## EXERCISE DIRECTIONS
Starting at the line that contains "- 글로본 (872원" and ending at the final line of the entries below, write out each line exactly as it appears, but omit the pictures.

*** Block opens ***

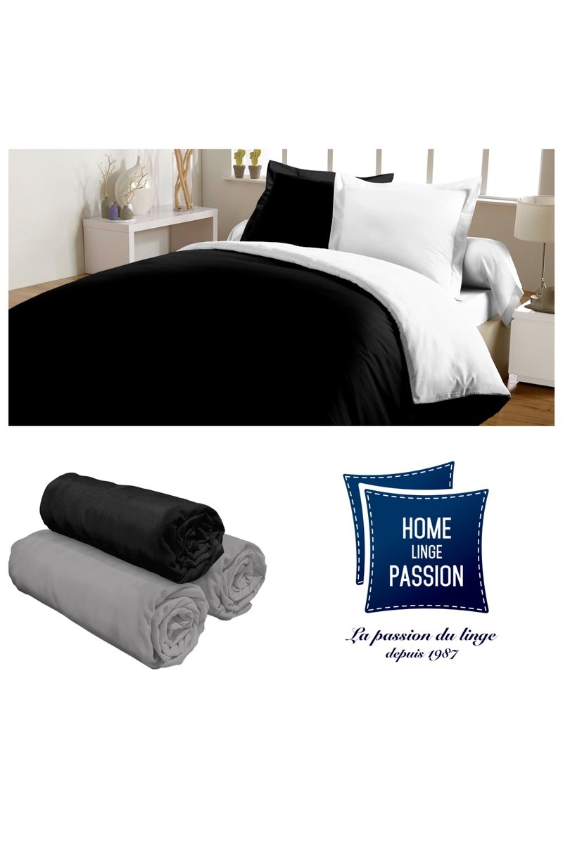 Conjunto de edredão e 3 lençóis-capa em algodão 57 fios/cm² - Preto e branco
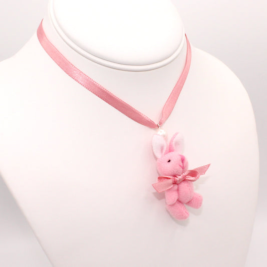Pastel Bunny Satin Choker or Necklace - Pink or White Plush Bunny - Fatally Feminine Designs
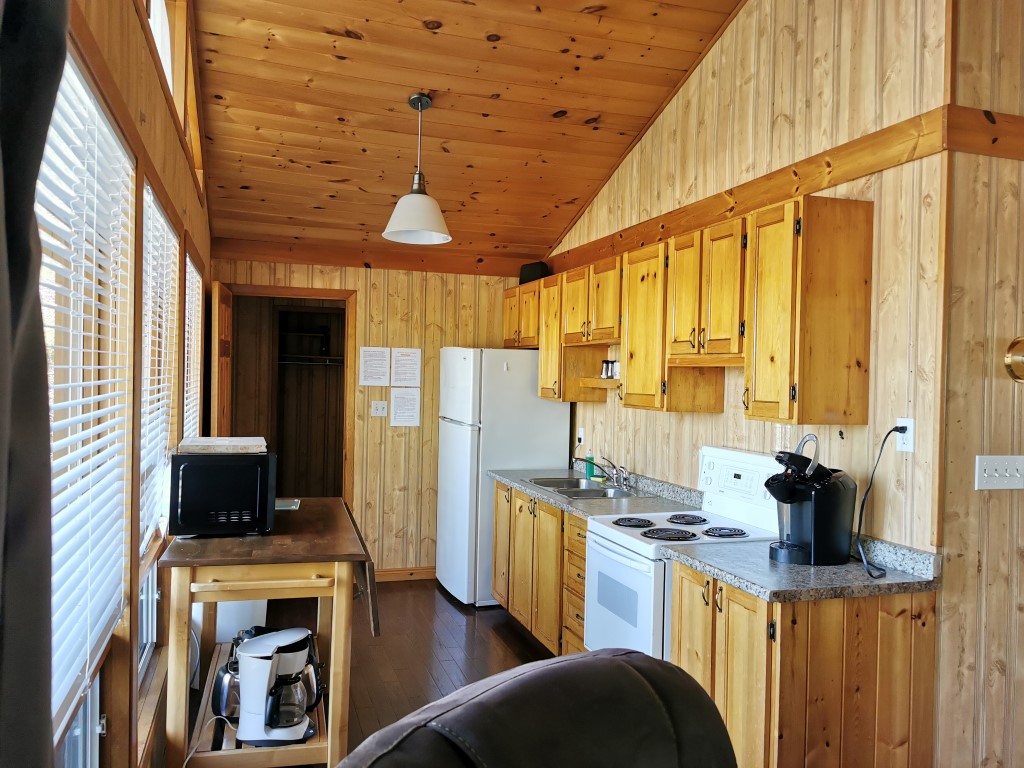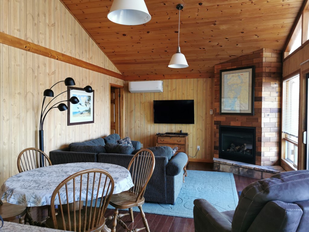 Chalet style 3 bedroom executive cottage with a queen, 2 double, and 1 single bed. It also features a Keurig and drip coffee maker, 3 piece bath with separate vanity area, fireplace and air conditioning. Stunning view from your private rock top sitting area or from the extra large deck. This cottage is also available for winter rental. Max. occupancy 6 persons.
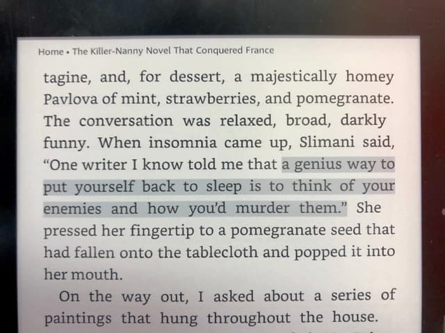 “When insomnia came up, a genius way to put yourself back to sleep is to think of your enemies and how you'd murder them.”
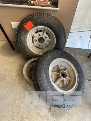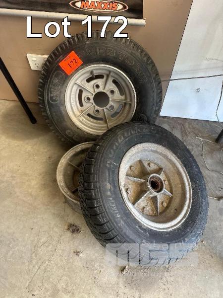 3 x CAST ALLOY TRAILER RIMS, 10" x 3.5 & 2 x TYRES
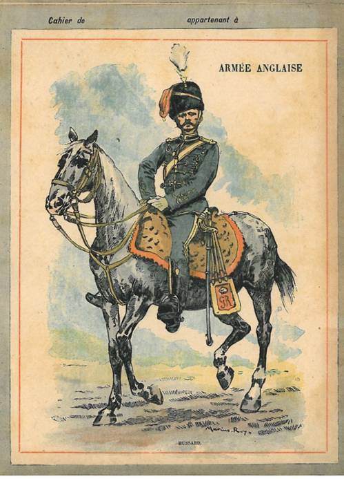 Couverture non numérotée : Hussard. Chromolithographie sur papier épais beige. En pages intérieures, texte explicatif signé A. Dally et carte des Îles britanniques. Au dos, gravure en n/b (vedette de dragon).
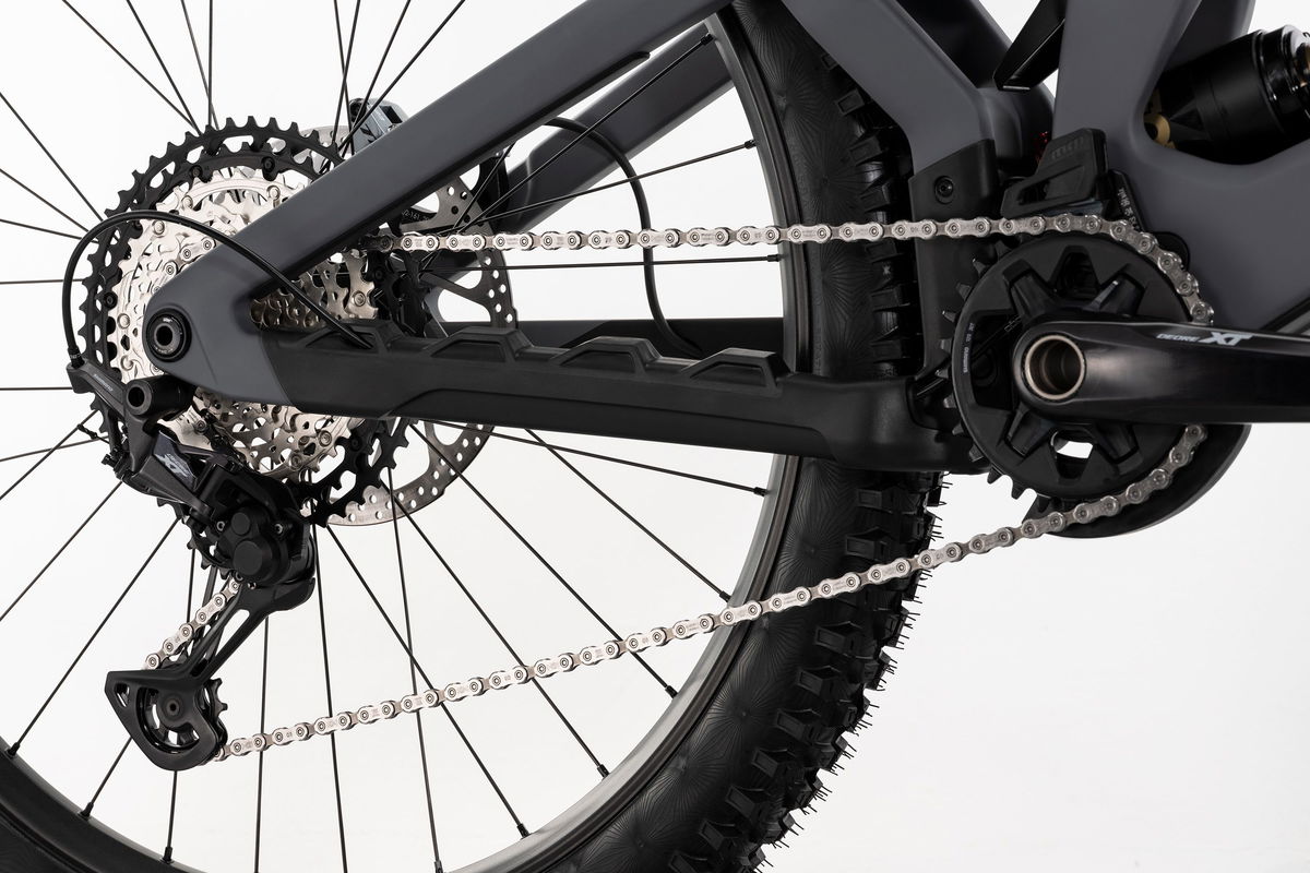 Karbonový rám je testován dle normy kategorie 5 a je schválený pro celkovou hmotnost až 120 kg (hmotnost kola a jezdce). Pokročilá kinematika ukazuje své přednosti v náročném terénu – optimalizovaný úhel tlumiče zajišťuje citlivou a kontrolovanou odezvu i při tvrdých dopadech. Tlumič umístěný nízko snižuje těžiště kola a zvyšuje jeho obratnost – zejména v zatáčkách, při rychlých změnách směru a na strmých technických sjezdech.
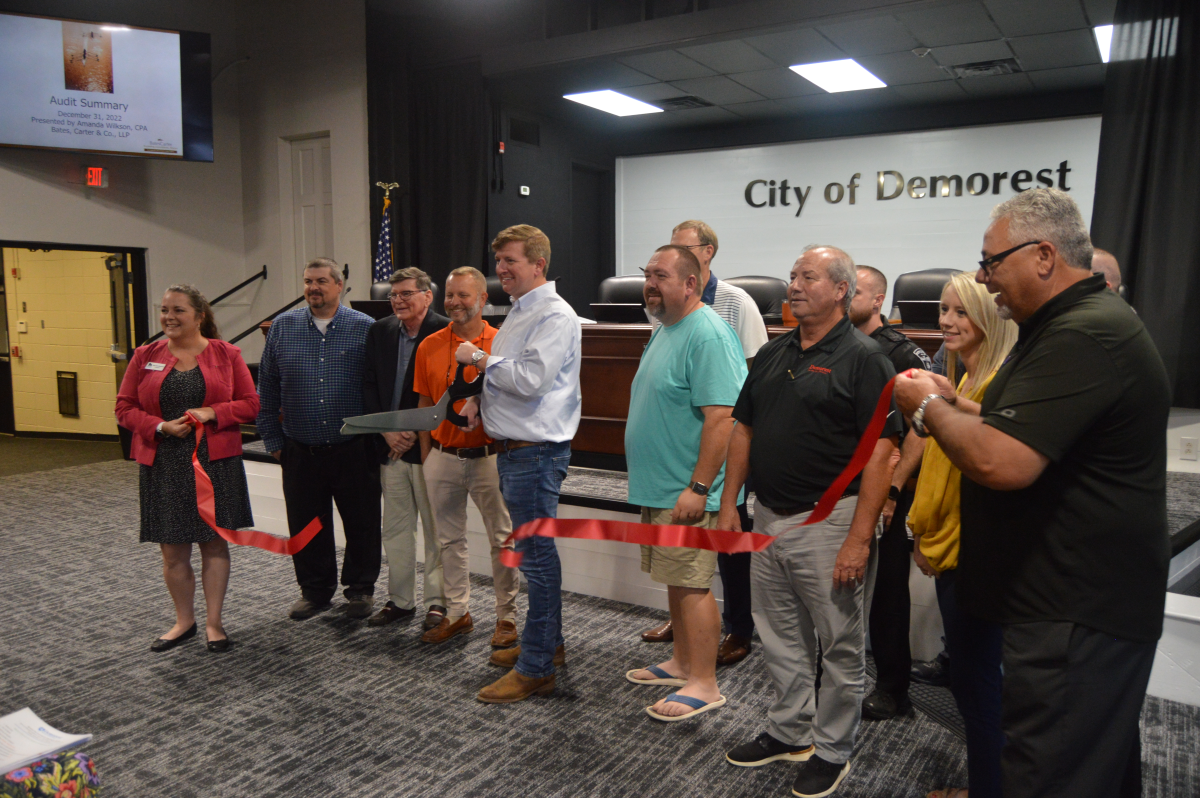 The city of Demorest and Habersham Chamber of Commerce cut the ribbon Tuesday night on Demorest’s new Municipal Conference Center and Court. The brief ceremony was held ahead of the evening’s regular council meeting on September 12.
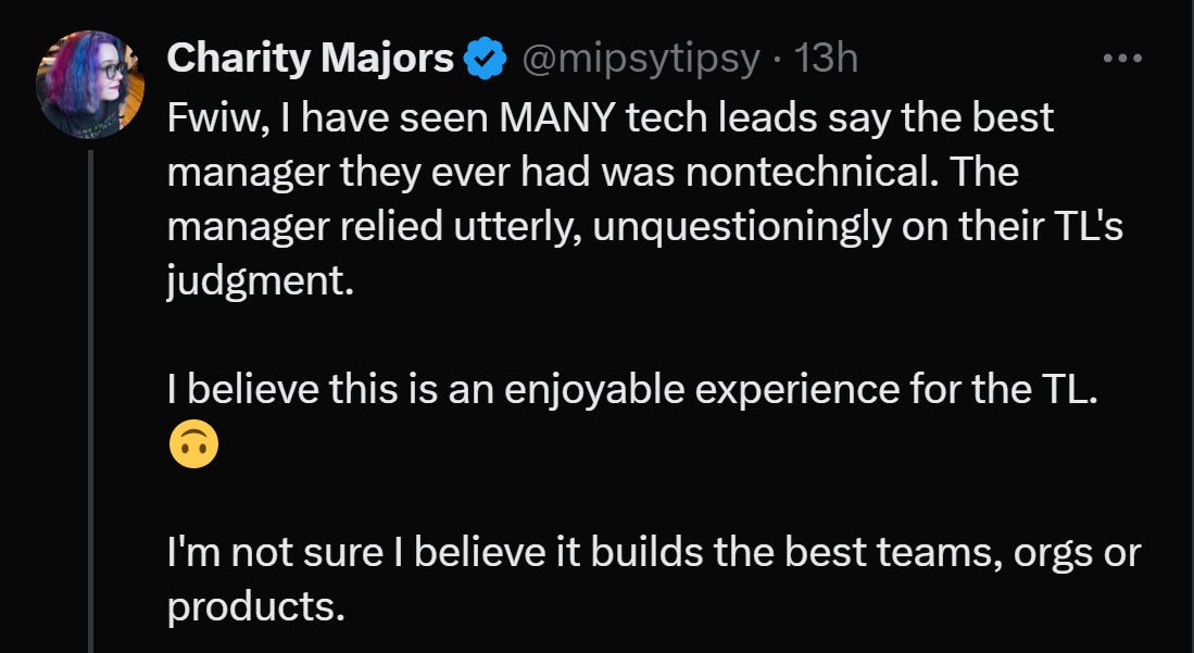 When I wasn't yet a senior engineer, I had some bad experiences with nontechnical managers. First, they couldn't fully understand some dynamics inside the team. Second, they couldn't fully assess how hard my work was and its quality. Link
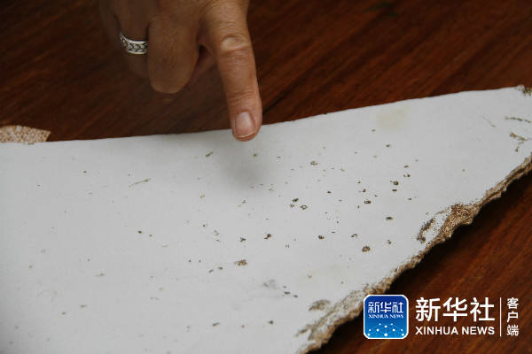 ↑這張3月3日拍攝的資料照片顯示的是,在莫桑比克首都馬普托,莫桑比克民航管理局局長若昂·德阿布雷烏在新聞發(fā)布會上向記者展示飛機(jī)殘片上密集的凹凸點(diǎn)。新華社記者 李曉鵬 攝
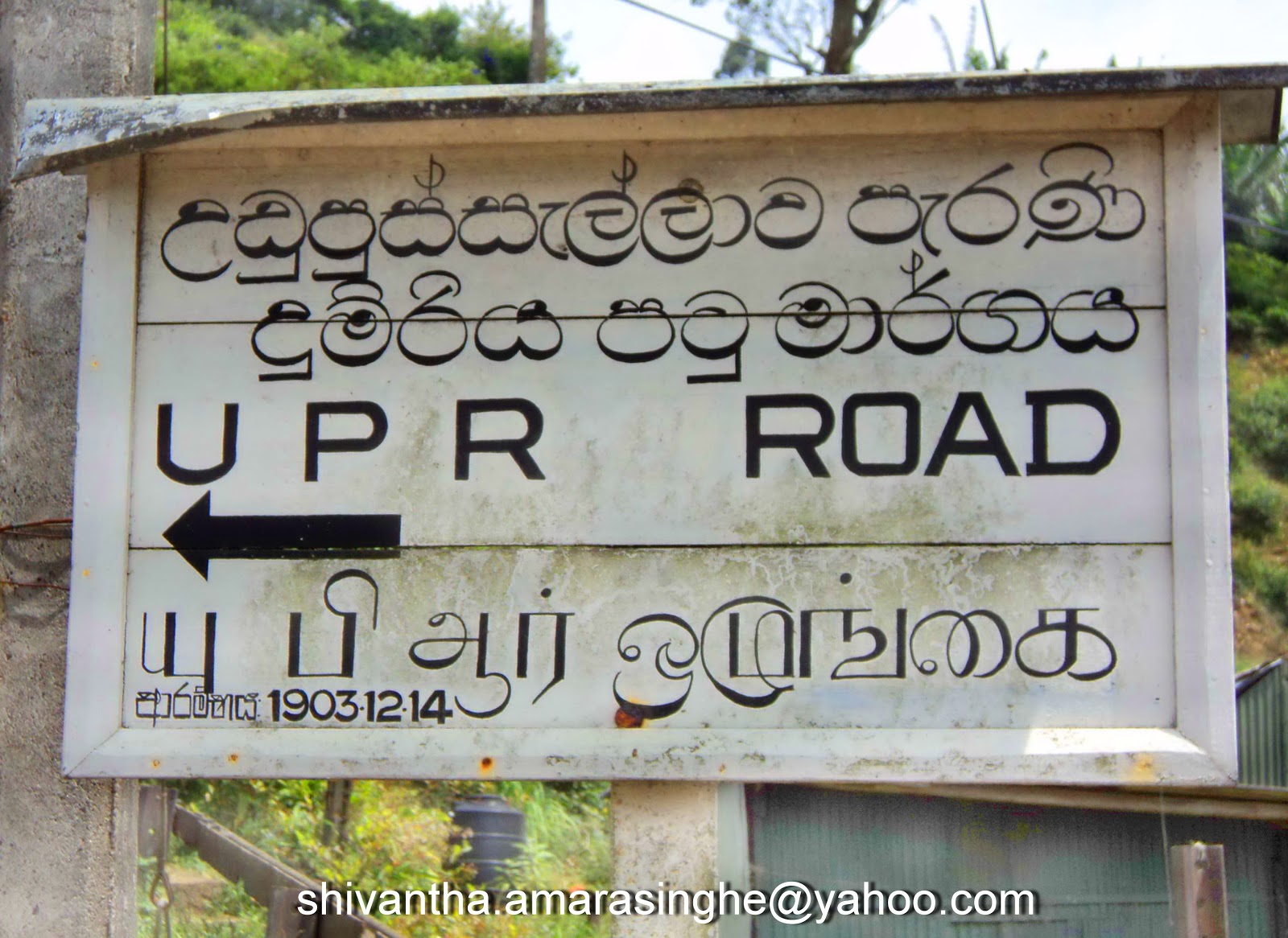 | නානුඔය දුම්රිය ස්ථානයේ අැති උඩුපුස්සැල්ලාව දුම්රිය මාර්ගයේ දිශා ලකුණ |
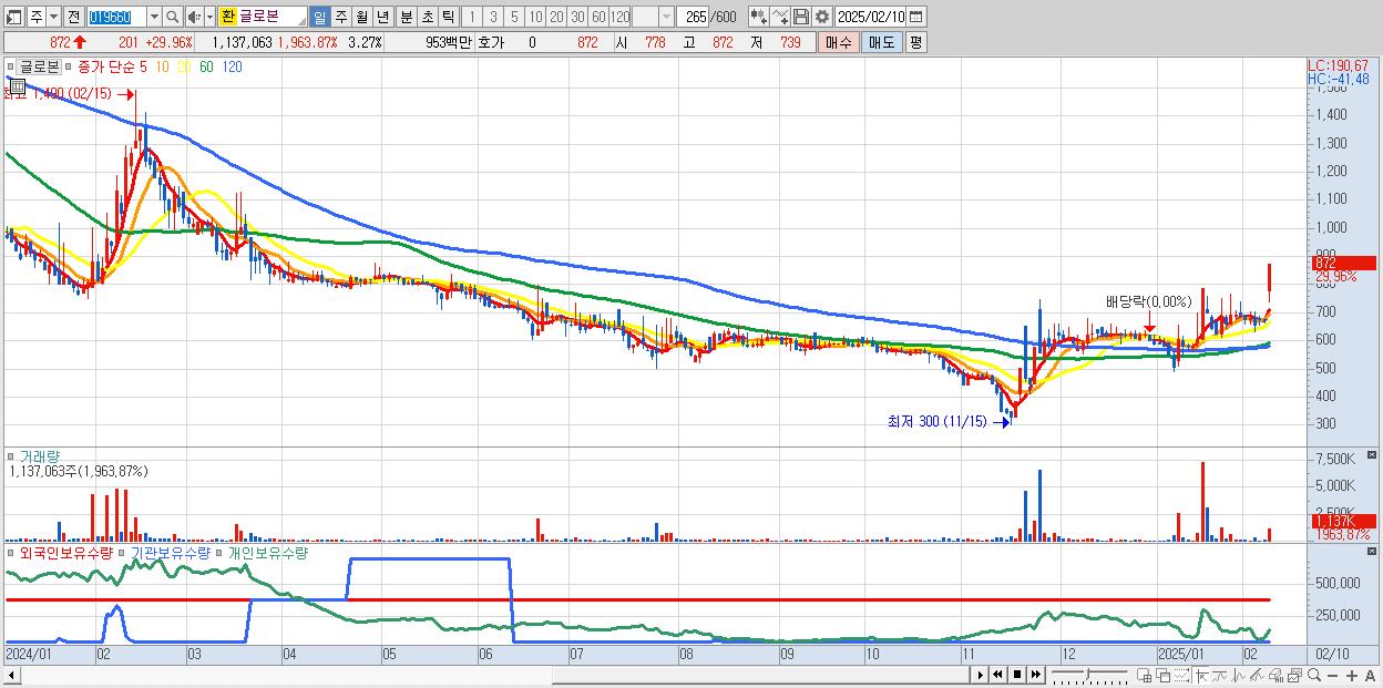 - 글로본 (872원 ▲ 29.96% , 시총: 303억, 거래량: 1,137,063, 거래대금:10억)
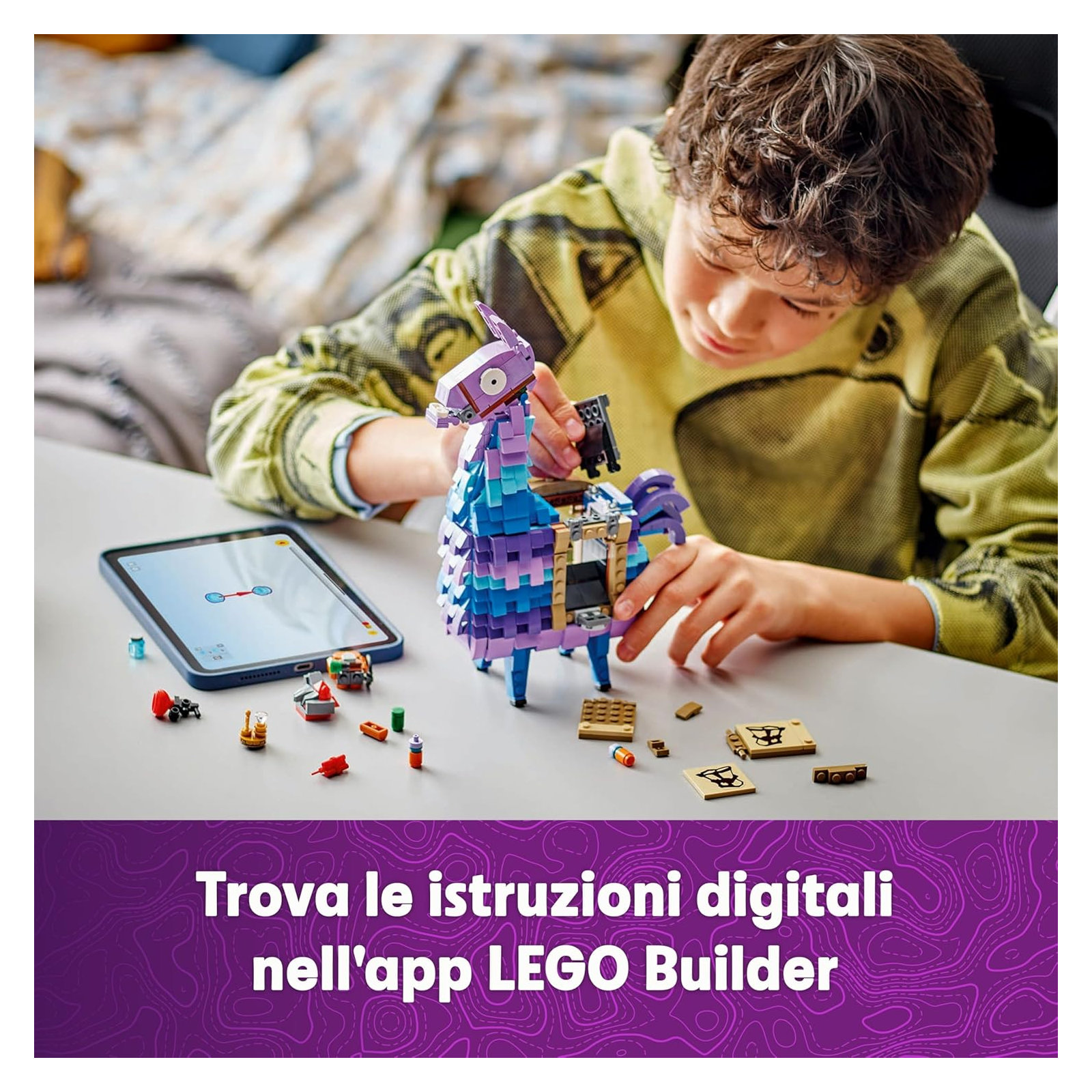 Una volta completata la costruzione, il Lama delle scorte si trasforma in un fantastico oggetto da esposizione. Porta l’emozione di Fortnite nella tua stanza, mostrando con orgoglio questo modello LEGO® unico.

*** Block closes ***

## TASK SOLUTION
 - 글로본 (872원 ▲ 29.96% , 시총: 303억, 거래량: 1,137,063, 거래대금:10억)
 Una volta completata la costruzione, il Lama delle scorte si trasforma in un fantastico oggetto da esposizione. Porta l’emozione di Fortnite nella tua stanza, mostrando con orgoglio questo modello LEGO® unico.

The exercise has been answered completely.